▶ **Task brief**
Reproduce the listing exactly. Omit pictures.

▶ **Dataset content**
■ ■ ■ ■

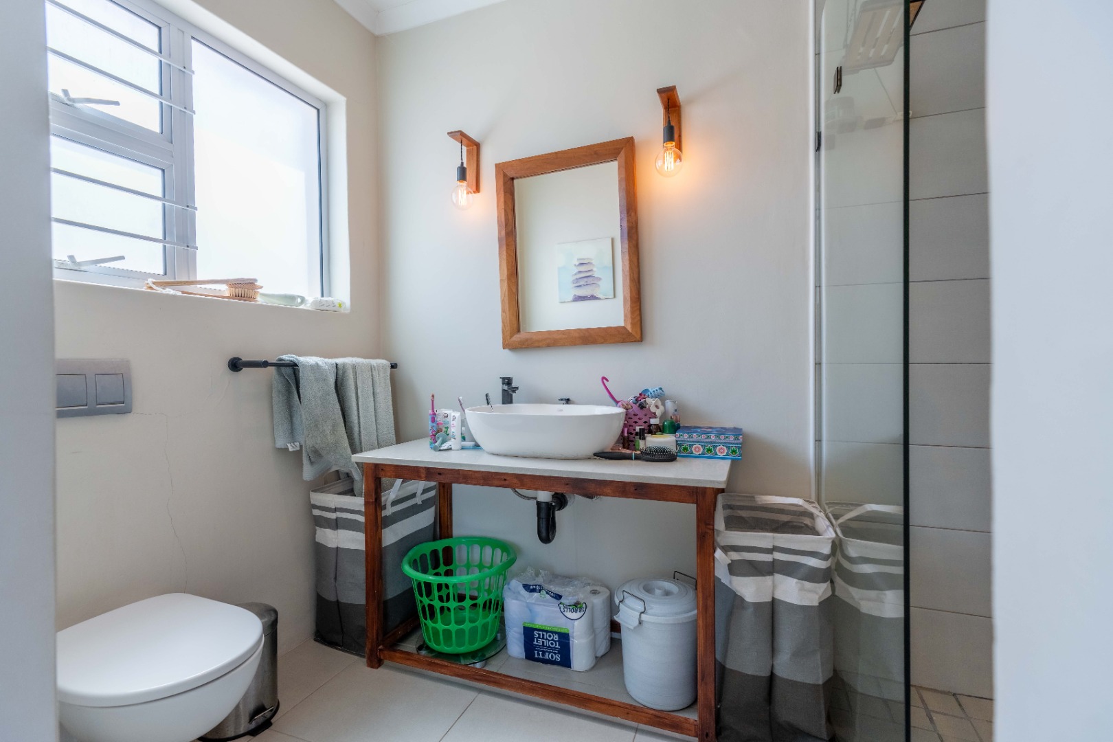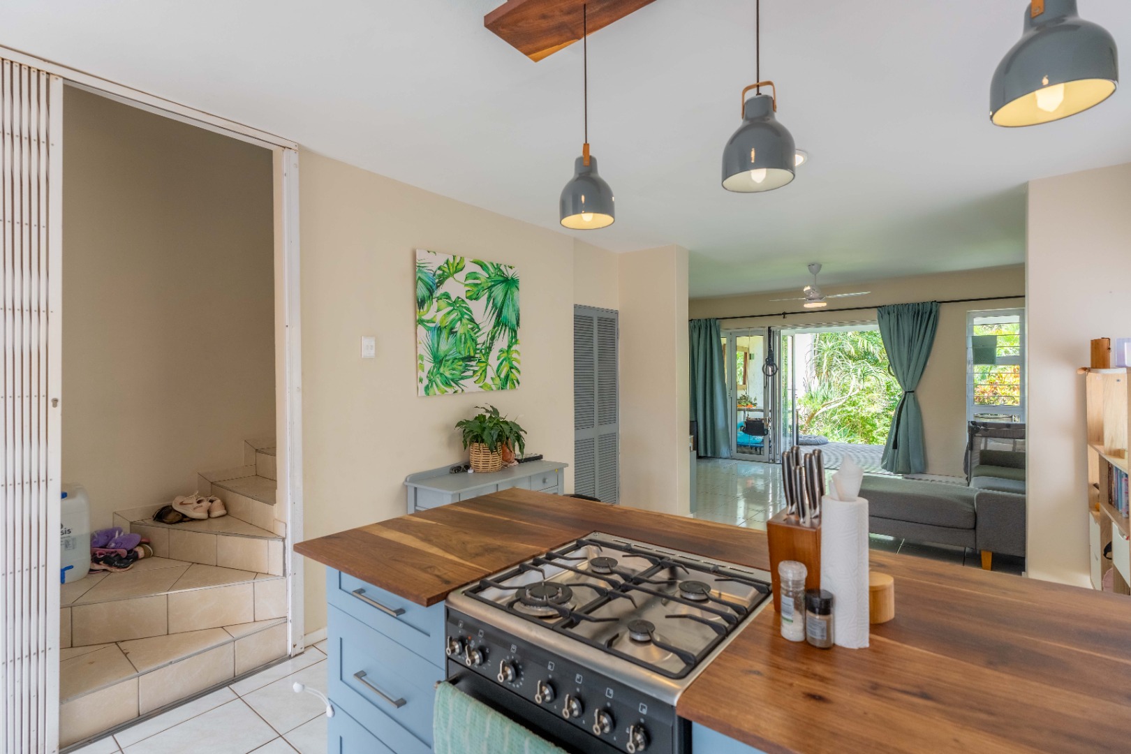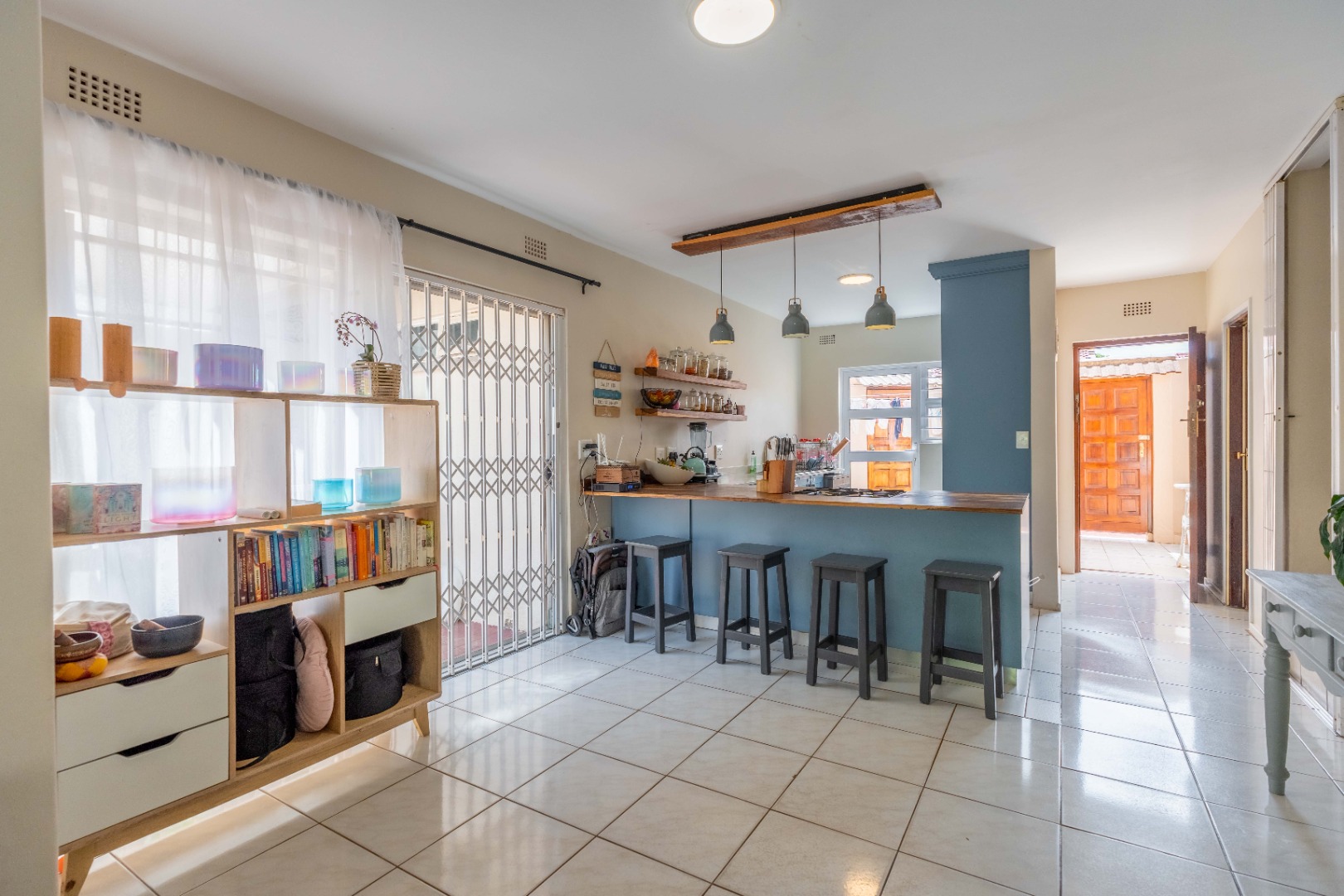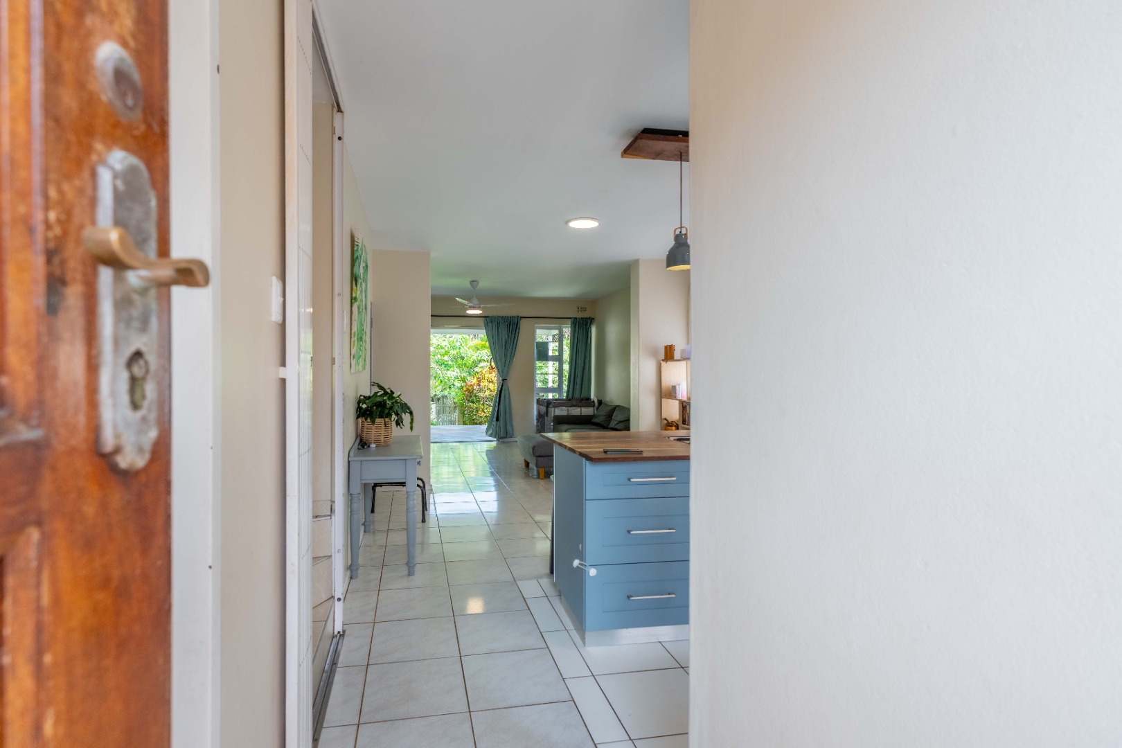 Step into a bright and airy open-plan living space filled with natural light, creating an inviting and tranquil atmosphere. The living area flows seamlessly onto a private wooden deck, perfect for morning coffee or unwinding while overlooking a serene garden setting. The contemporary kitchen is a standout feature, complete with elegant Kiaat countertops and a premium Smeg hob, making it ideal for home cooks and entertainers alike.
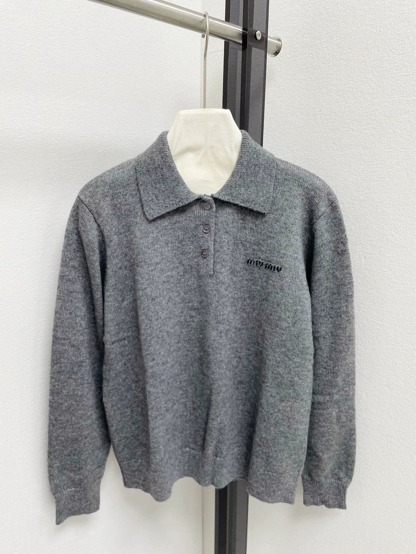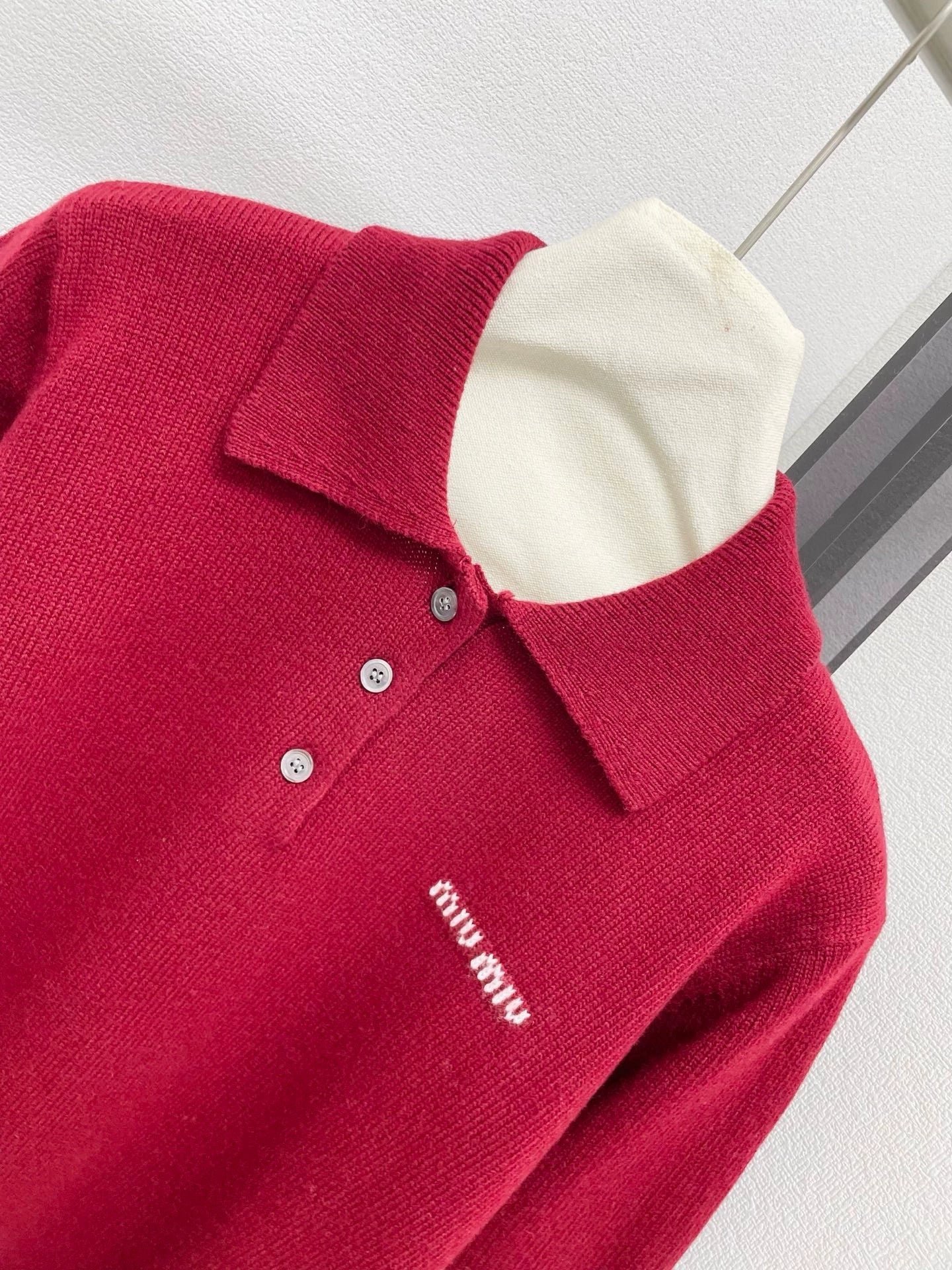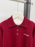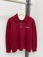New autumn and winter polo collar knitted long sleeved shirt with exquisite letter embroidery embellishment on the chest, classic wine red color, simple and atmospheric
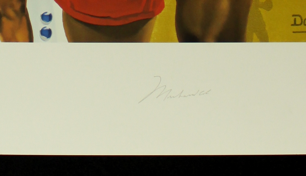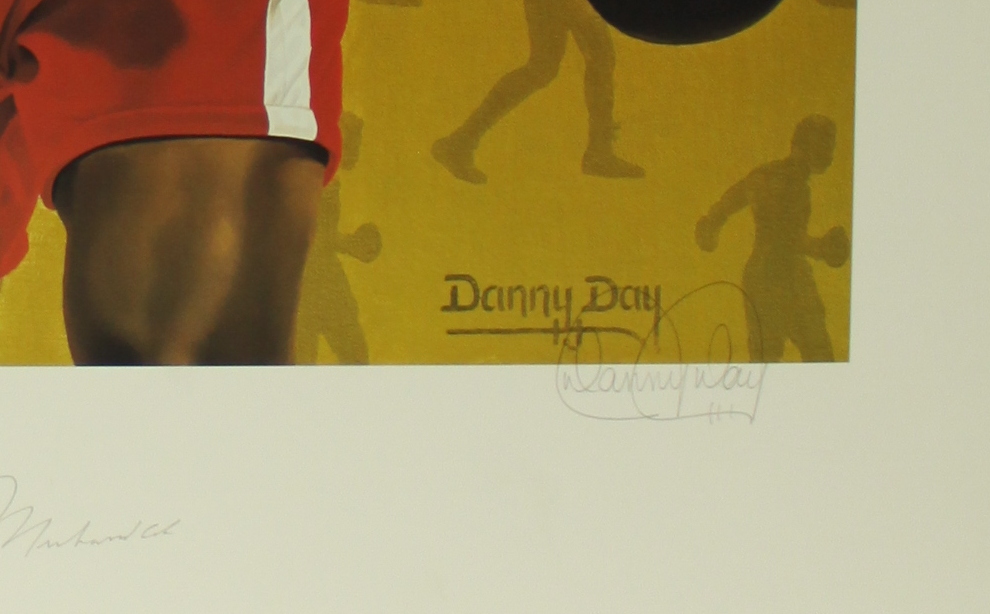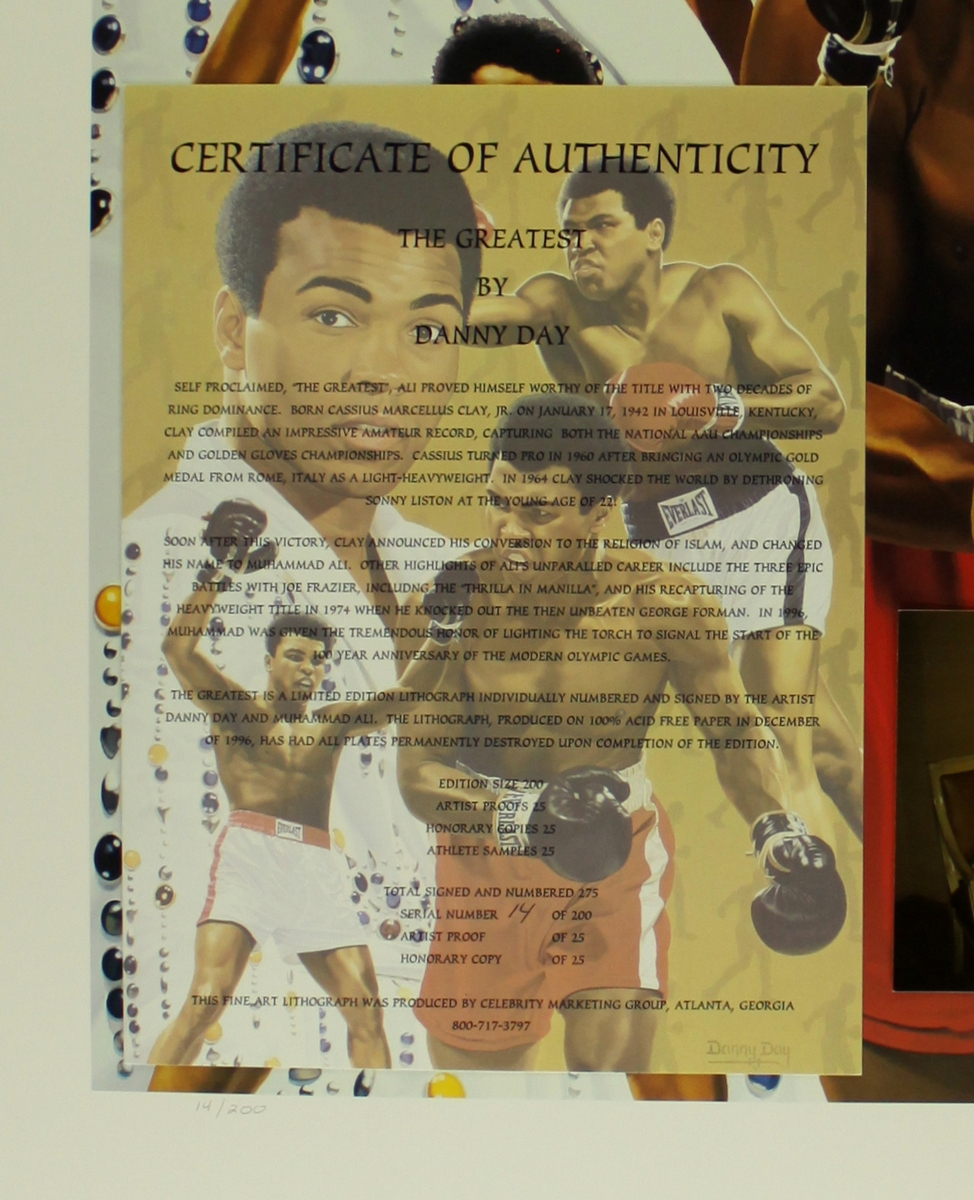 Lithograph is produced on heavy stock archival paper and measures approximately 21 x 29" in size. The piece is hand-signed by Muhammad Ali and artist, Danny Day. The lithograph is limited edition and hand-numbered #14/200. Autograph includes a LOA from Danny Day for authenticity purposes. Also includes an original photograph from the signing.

■ ■ ■ ■

▶ **Result below**
 Step into a bright and airy open-plan living space filled with natural light, creating an inviting and tranquil atmosphere. The living area flows seamlessly onto a private wooden deck, perfect for morning coffee or unwinding while overlooking a serene garden setting. The contemporary kitchen is a standout feature, complete with elegant Kiaat countertops and a premium Smeg hob, making it ideal for home cooks and entertainers alike.
New autumn and winter polo collar knitted long sleeved shirt with exquisite letter embroidery embellishment on the chest, classic wine red color, simple and atmospheric
 Lithograph is produced on heavy stock archival paper and measures approximately 21 x 29" in size. The piece is hand-signed by Muhammad Ali and artist, Danny Day. The lithograph is limited edition and hand-numbered #14/200. Autograph includes a LOA from Danny Day for authenticity purposes. Also includes an original photograph from the signing.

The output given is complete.